Step 5: Create the Replication Configuration
Create a replication configuration from source-cluster to target-cluster:
replicate_config = {
"clusters": [
{
"cluster_id": source_cluster_id,
"connection_param": {
"uri": source_cluster_addr,
"token": source_cluster_token,
},
"pchannels": source_cluster_pchannels,
},
{
"cluster_id": target_cluster_id,
"connection_param": {
"uri": target_cluster_addr,
"token": target_cluster_token,
},
"pchannels": target_cluster_pchannels,
},
],
"cross_cluster_topology": [
{
"source_cluster_id": source_cluster_id,
"target_cluster_id": target_cluster_id,
}
],
}
Step 6: Apply the Replication Configuration
Apply the same configuration to both clusters:
from pymilvus import MilvusClient
source_client = MilvusClient(
uri=source_client_addr,
token=source_cluster_token,
)
target_client = MilvusClient(
uri=target_client_addr,
token=target_cluster_token,
)
try:
source_client.update_replicate_configuration(**replicate_config)
target_client.update_replicate_configuration(**replicate_config)
finally:
source_client.close()
target_client.close()
For production automation, use separate short-lived clients for this control-plane operation.
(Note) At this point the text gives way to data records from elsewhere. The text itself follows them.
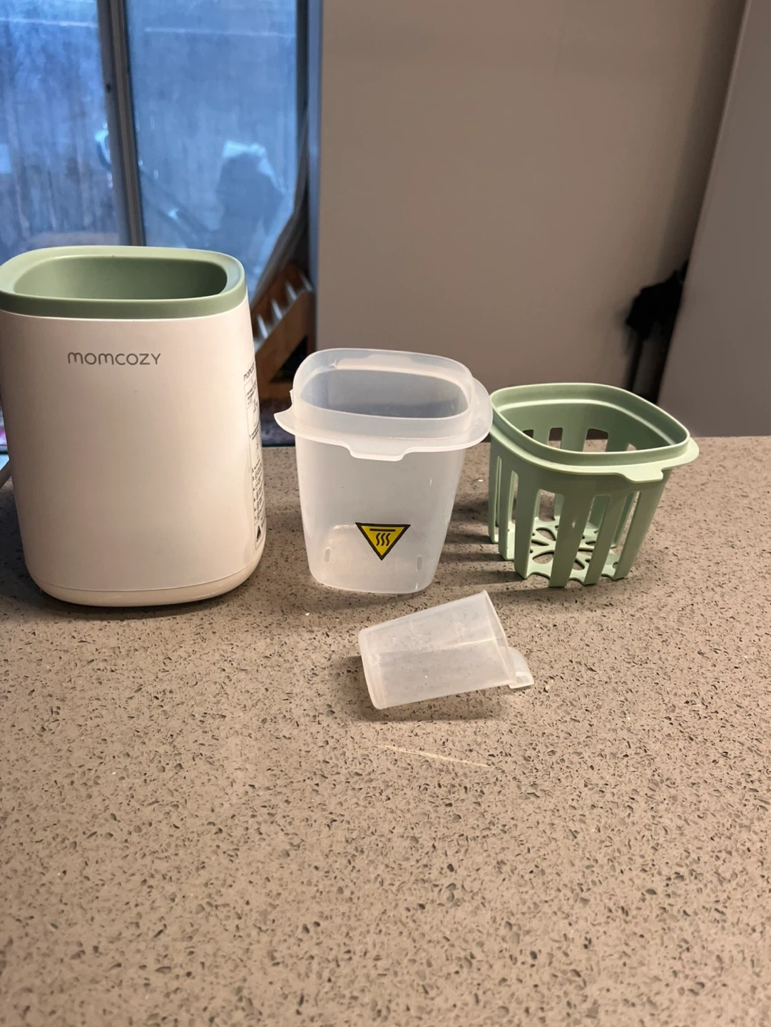 Cover has a chip but works well.Fresh milk heat-up/cold milk heat-up/food heating/steaming/thaw/24hrs keep-warm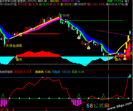 波段线: 5*SMA((CLOSE-LLV(LOW,27))/(HHV(HIGH,27)-LLV(LOW,27))*100,5,1)-3*SMA(SMA ((CLOSE-LLV(LOW,27))/(HHV(HIGH,27)-LLV(LOW,27))*100,5,1),3,1)-SMA(SMA(SMA ((CLOSE-LLV(LOW,27))/(HHV(HIGH,27)-LLV(LOW,27))*100,5,1),3,1),2,1),LINETHICK2,COLORRED; M1:=EMA(MA(波段线,5),3); STICKLINE(波段线>108 AND 波段线>=M1,波段线,108,2,0),COLORF0F000; STICKLINE(波段线<0 AND 波段线<M1,波段线,0,2,0),COLORF00FF0; 底部线: 5,COLOR00FFFF; 风险线: 108,COLORFF9D00; 底部买:=LLV(波段线,2)=LLV(波段线,8); 买进:IF(CROSS(波段线,REF(波段线+0.01,1)) AND 底部买 AND 波段线<0,30,5); |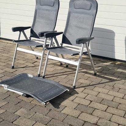 4-stk brugte alu klapstole, der medfølger 2-stk ‘skamler’ der kan sætte på, (se billede)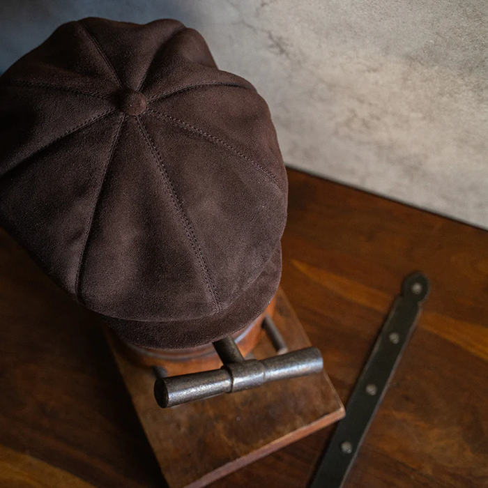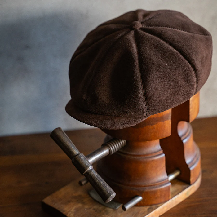 BRUNELでは定番となった8 PANEL CASQUETTEを、ブラウンのディアスエードで製作。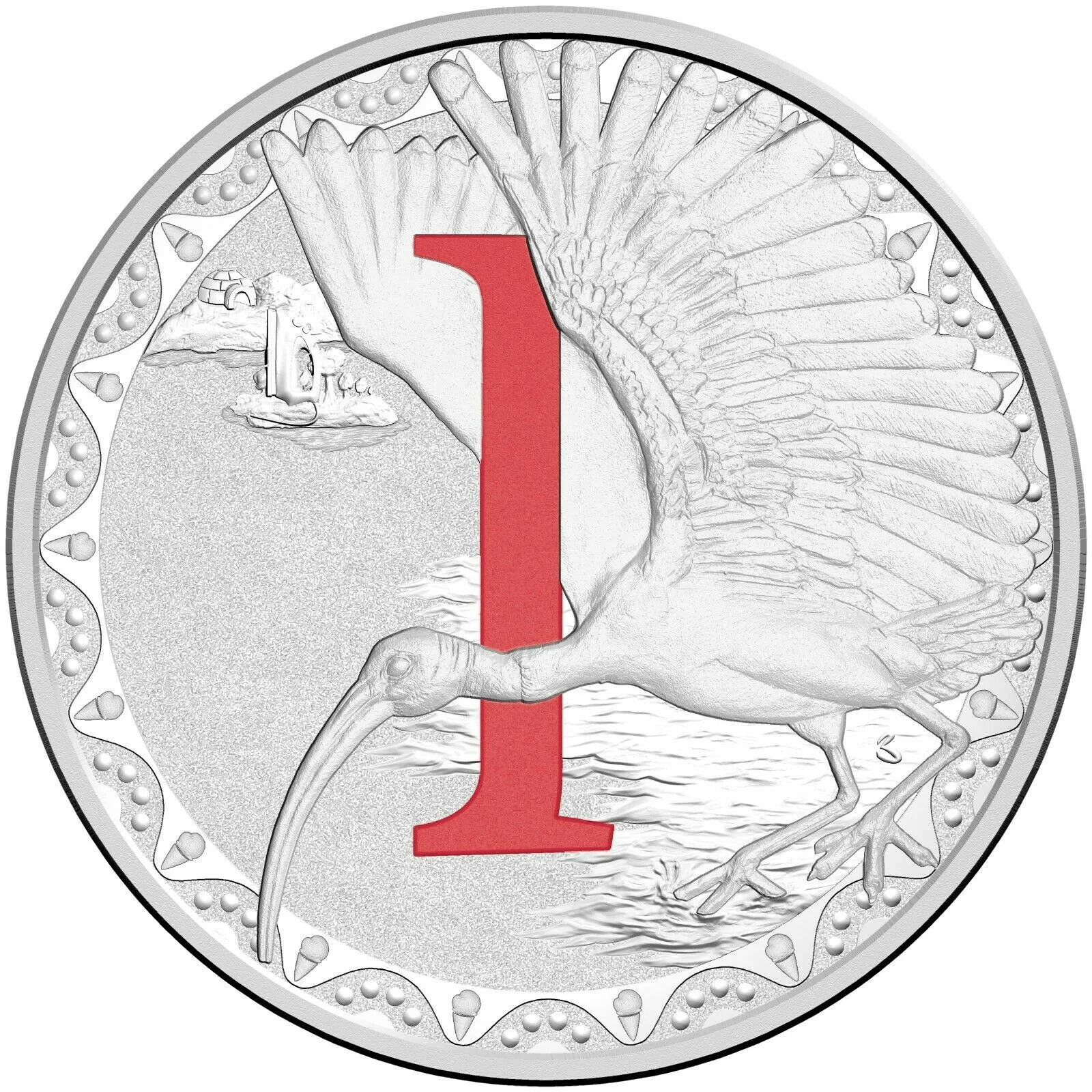 The Letter I Coin features an Ibis playfully interacting with the letter I.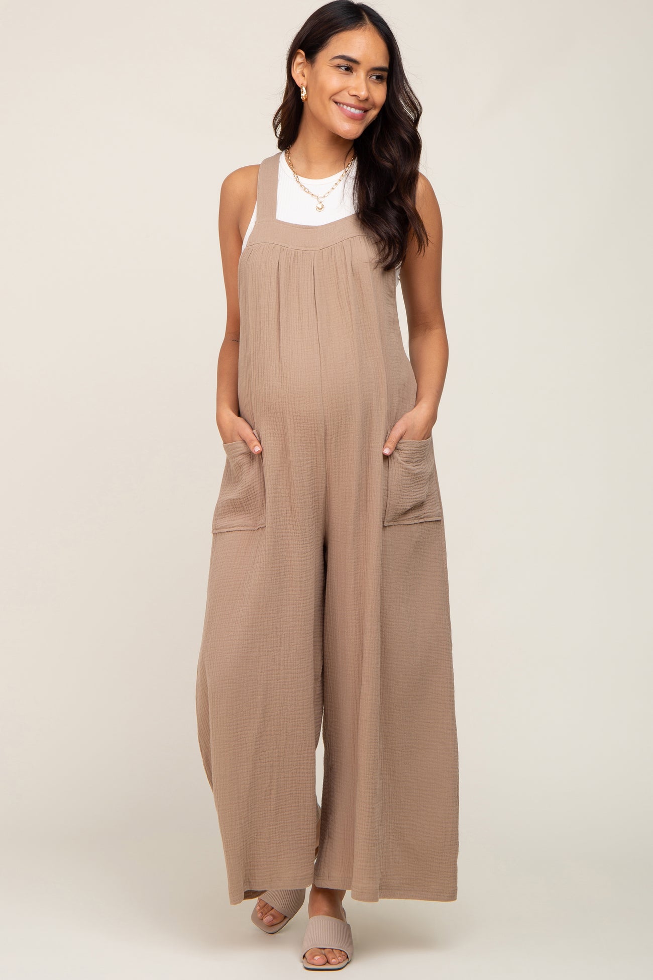 Beige Wide Leg Tie Back Maternity Overalls

This avoids sharing the same gRPC channel with application DML traffic while the cluster role is changing.
After the configuration is applied, changes written to source-cluster are replicated to target-cluster.
Step 7: Verify Data Replication
To verify that replication works:
- Connect to
source-cluster. - Create a collection.
- Insert data into the collection.
- Load the collection and run a query or search on
source-cluster. - Connect to
target-cluster. - Run the same query or search on
target-clusterwithout manually loading the collection on the standby cluster. - Confirm that the expected data is visible on both clusters.
The target cluster is a standby cluster in this topology. Do not run manual DDL or DCL operations, such as load_collection, on the standby cluster. Those operations should be performed on the source cluster and replicated to the target cluster.
The exact verification code depends on your collection schema. For a basic Milvus collection workflow, see the Milvus quick start documentation.
CDC Lag
CDC lag is the data window between the primary and standby clusters. You should monitor it continuously after replication is configured.
CDC lag can increase when:
- The primary write rate is high.
- Network latency or packet loss increases between clusters.
- The standby cluster is overloaded.
- CDC nodes are under-provisioned.
- Large DDL or import operations are running.
Use CDC lag to guide operational decisions:
- If lag is low, switchover should complete faster.
- If lag is high, failover may lose more data.
You can estimate CDC lag with the following PromQL query:
clamp_min(
max by (channel_name) (
milvus_wal_last_confirmed_time_tick
)
-
min by (channel_name) (
milvus_cdc_last_replicated_time_tick
),
0
)
The result is in seconds. For each source channel, the query compares the latest confirmed WAL timetick with the last timetick replicated by CDC. If a primary replicates to multiple standby clusters, the min by (channel_name) expression reports the slowest replication progress for that channel.
If Prometheus scrapes multiple Milvus clusters, add label filters that match your deployment, such as namespace or app_kubernetes_io_instance, to avoid mixing metrics from different clusters.
FAQ
Do I need to call update_replicate_configuration on both clusters?
Yes. Apply the same topology to all participating clusters. If one cluster is not primary at the time of the call, it waits until the topology is applied through CDC.
How should I choose cluster_id?
Use a stable, unique ID for each cluster. The ID is also used in pchannel names and replication topology references.
Can I change pchannels after replication is configured?
You can update the topology, but the pchannel list must match the cluster layout. Treat pchannel changes as an advanced operation and verify replication carefully afterward.